# 05 - Results Analysis

This notebook provides comprehensive analysis of experimental results.

## Contents:
1. Run complete experiment
2. Individual vs Ensemble comparison
3. Statistical analysis
4. Visualization
5. Final conclusions

In [None]:
import numpy as np
import pandas as pd
import matplotlib.pyplot as plt
import seaborn as sns
import sys
import warnings
warnings.filterwarnings('ignore')
sys.path.append('..')

from src.data.data_loader import DataLoader
from src.data.preprocessor import DataPreprocessor
from src.models.ensemble_model import EnsembleModel
from src.models.cbr_model import CBRModel
from src.models.cocomo_model import COCOMOModel
from src.models.ml_models import XGBoostModel, ANNModel, KNNModel, SVRModel
from src.evaluation.metrics import calculate_all_metrics
from src.evaluation.cross_validation import CrossValidator

%matplotlib inline
plt.style.use('seaborn-v0_8-whitegrid')
plt.rcParams['figure.figsize'] = [12, 6]
plt.rcParams['font.size'] = 11

## 1. Load Data and Run Experiment

In [None]:
# Load data
loader = DataLoader('cocomo81')
df = loader.load_raw_data()

preprocessor = DataPreprocessor()
X, y = preprocessor.preprocess_pipeline(df, scale=True)

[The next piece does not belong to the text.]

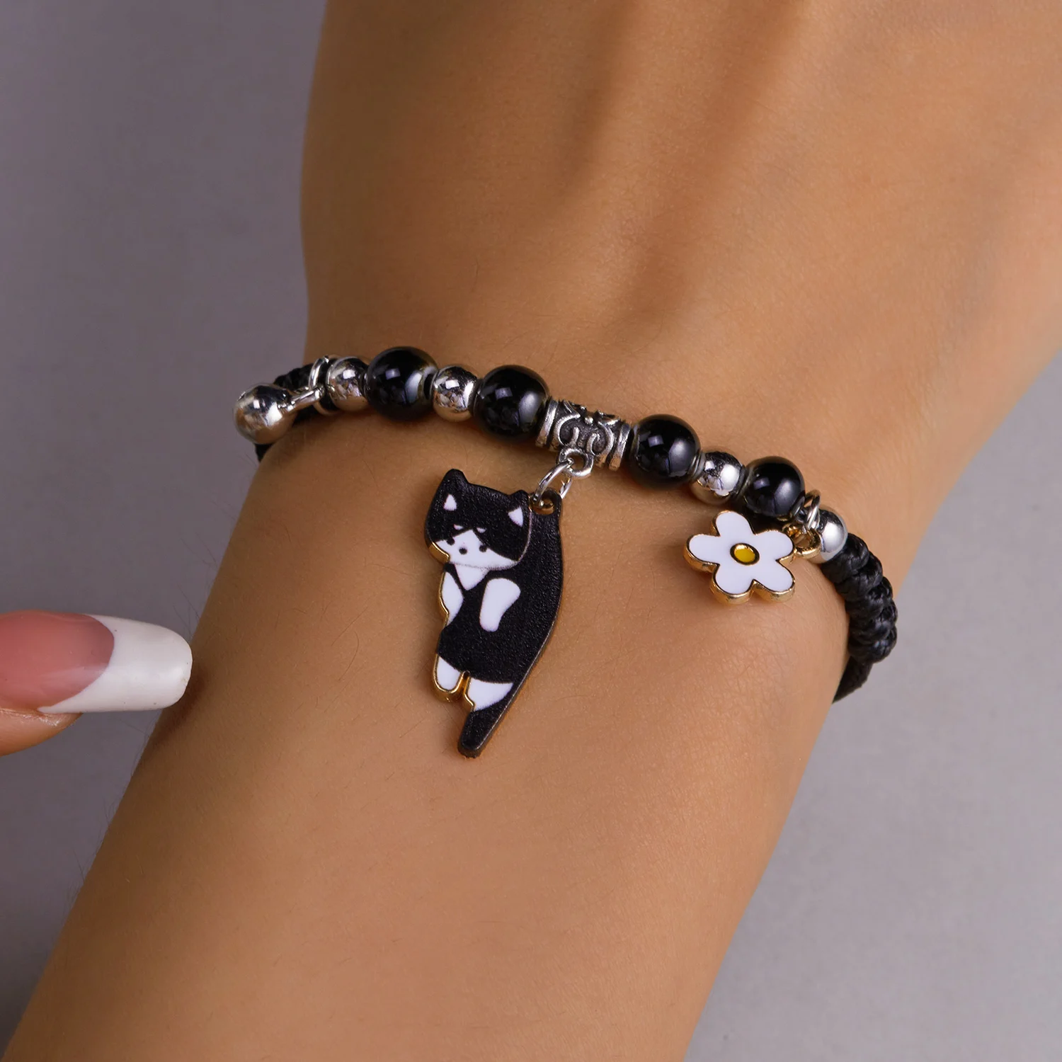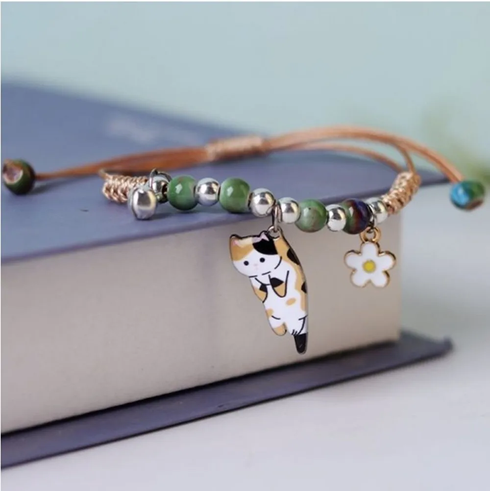 • The Cartoon Cat Flower Charm Bracelet adds a cute cat-themed touch to any outfit

print(f"Dataset: COCOMO81")
print(f"Samples: {len(y)}")
print(f"Features: {X.shape[1]}")

In [None]:
# Setup cross-validation
cv = CrossValidator(cv_type='kfold', n_splits=5)

print("Running 5-Fold Cross-Validation...")
print("This may take a few minutes...")

In [None]:
# Evaluate Individual Models
individual_models = {
    'CBR': CBRModel(),
    'COCOMO': COCOMOModel(use_nn_correction=False),
    'XGBoost': XGBoostModel(),
    'ANN': ANNModel(),
    'KNN': KNNModel(),
    'SVR': SVRModel()
}

individual_results = []

for name, model in individual_models.items():
    print(f"Evaluating {name}...")
    result = cv.evaluate_model(model, X, y)
    
    individual_results.append({
        'Model': name,
        'MAE': result['metrics']['MAE'],
        'RMSE': result['metrics']['RMSE'],
        'MMRE': result['metrics']['MMRE'],
        'MdMRE': result['metrics']['MdMRE'],
        'PRED(0.25)': result['metrics']['PRED(0.25)'],
        'Training Time': result['metrics']['Training_Time']
    })

individual_df = pd.DataFrame(individual_results)
print("\n✓ Individual models evaluated!")

In [None]:
# Evaluate Ensemble Models
ml_variants = ['XGBoost', 'ANN', 'KNN', 'SVR']
ensemble_results = []

for ml_name in ml_variants:
    print(f"Evaluating Ensemble with {ml_name}...")
    
    ensemble = EnsembleModel(ml_model_name=ml_name, combination_rule='median')
    result = cv.evaluate_model(ensemble, X, y)
    
    ensemble_results.append({
        'Model': f'CBR+COCOMO+{ml_name}',
        'MAE': result['metrics']['MAE'],
        'RMSE': result['metrics']['RMSE'],
        'MMRE': result['metrics']['MMRE'],
        'MdMRE': result['metrics']['MdMRE'],
        'PRED(0.25)': result['metrics']['PRED(0.25)'],
        'Training Time': result['metrics']['Training_Time']
    })

ensemble_df = pd.DataFrame(ensemble_results)
print("\n✓ Ensemble models evaluated!")

## 2. Results Tables

In [None]:
print("="*70)
print("INDIVIDUAL MODELS RESULTS")
print("="*70)
print(individual_df.to_string(index=False))

In [None]:
print("="*70)
print("ENSEMBLE MODELS RESULTS")
print("="*70)
print(ensemble_df.to_string(index=False))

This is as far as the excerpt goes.